───── Data for review ─────
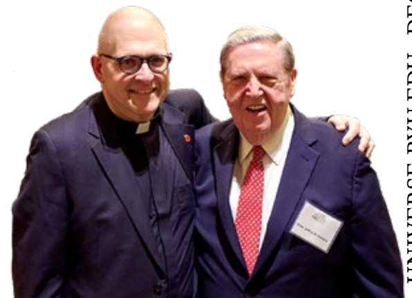
INTERNATIONAL STUDENTS PAGE 11
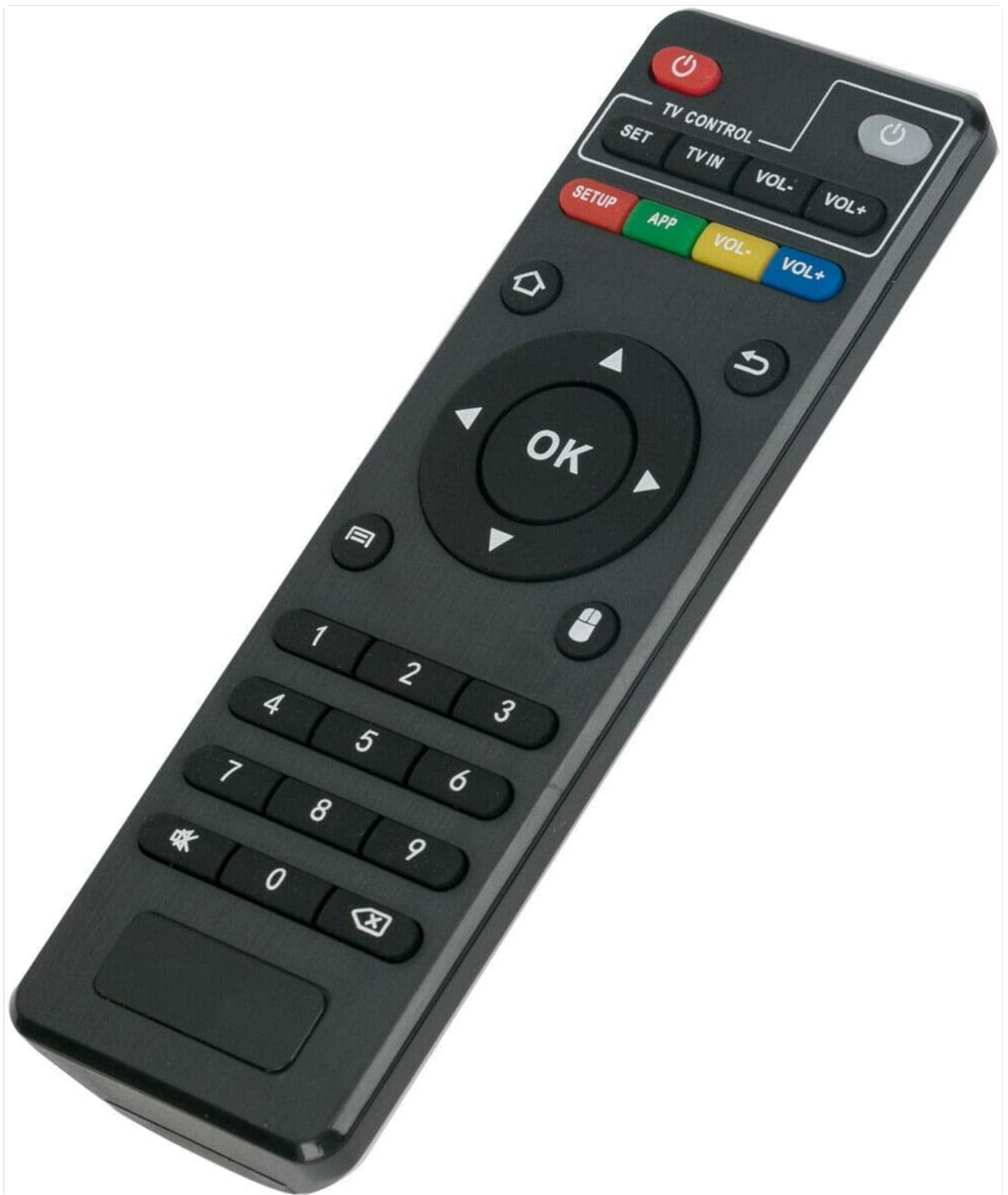
Figure 5.2: An angled perspective of the remote control, showing its ergonomic shape and the arrangement of its various function buttons.
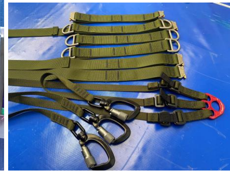
(LEFT) STRETCHER WHEEL/POST SWING ARMS (RIGHT) STRAPPING AND BUCKLES
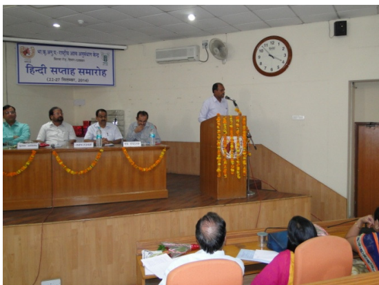
काव्य पाठ प्रतियोगिता का आयोजन
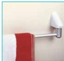
Anti-Ligature Load Release Towel and Wardrobe Rails
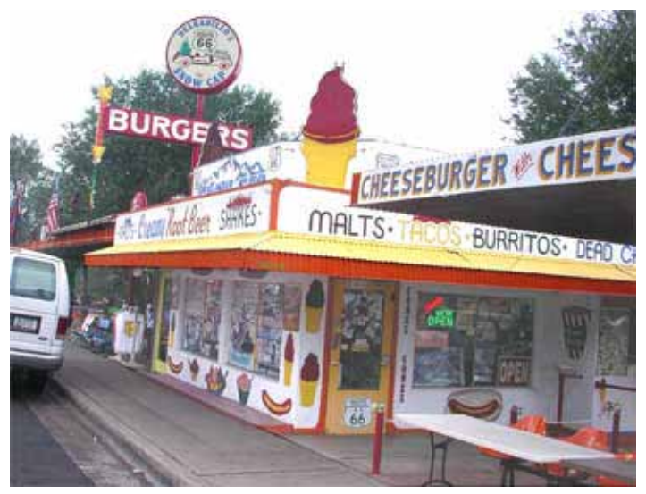
Our First Stop - Snow Cap - RT66 Tourist Trap

Slide Show of 2006 trip by Bob Nicholson - A Big File
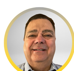
Health and Safety Manager Flint Hills Resources, Corpus Christi, TX

The VPPPA Safety Star of the Quarter is a program to honor and recognize an employee's achievements in safety performance and professionalism. Help us showcase an exceptional VPPPA member by submitting a nomination today .
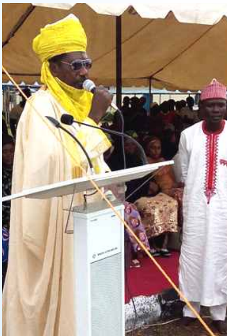
Chief Guest at the opening ceremony.
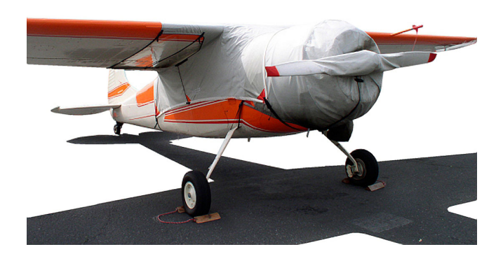
Cessna 195 Over-Top Canopy, Engine & Prop Covers
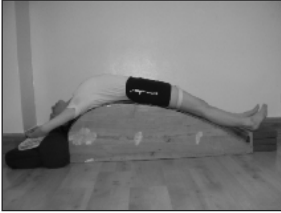
Viparīta Daṇḍāsana on a bench
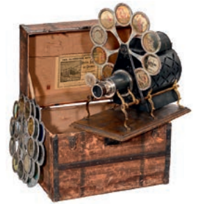
Magic Lantern Outfit »Pettibone Sciopticon ('The Peacock')«, c. 1890 With original trunk and 37 hand-coloured slides in 4 rotating holders! (€ 2.800 – 4.500 / US$ 3,800 – 6,000)
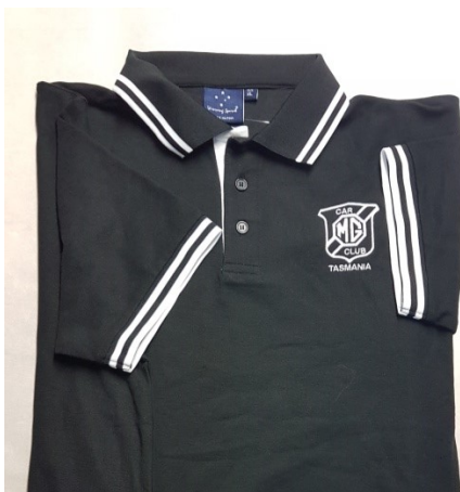
Ladies and Gents Polo Tops
─────
[Exercise description]
From the records above, return each line that has the string "Safety".

[Result of the task]
Health and Safety Manager Flint Hills Resources, Corpus Christi, TX
The VPPPA Safety Star of the Quarter is a program to honor and recognize an employee's achievements in safety performance and professionalism. Help us showcase an exceptional VPPPA member by submitting a nomination today .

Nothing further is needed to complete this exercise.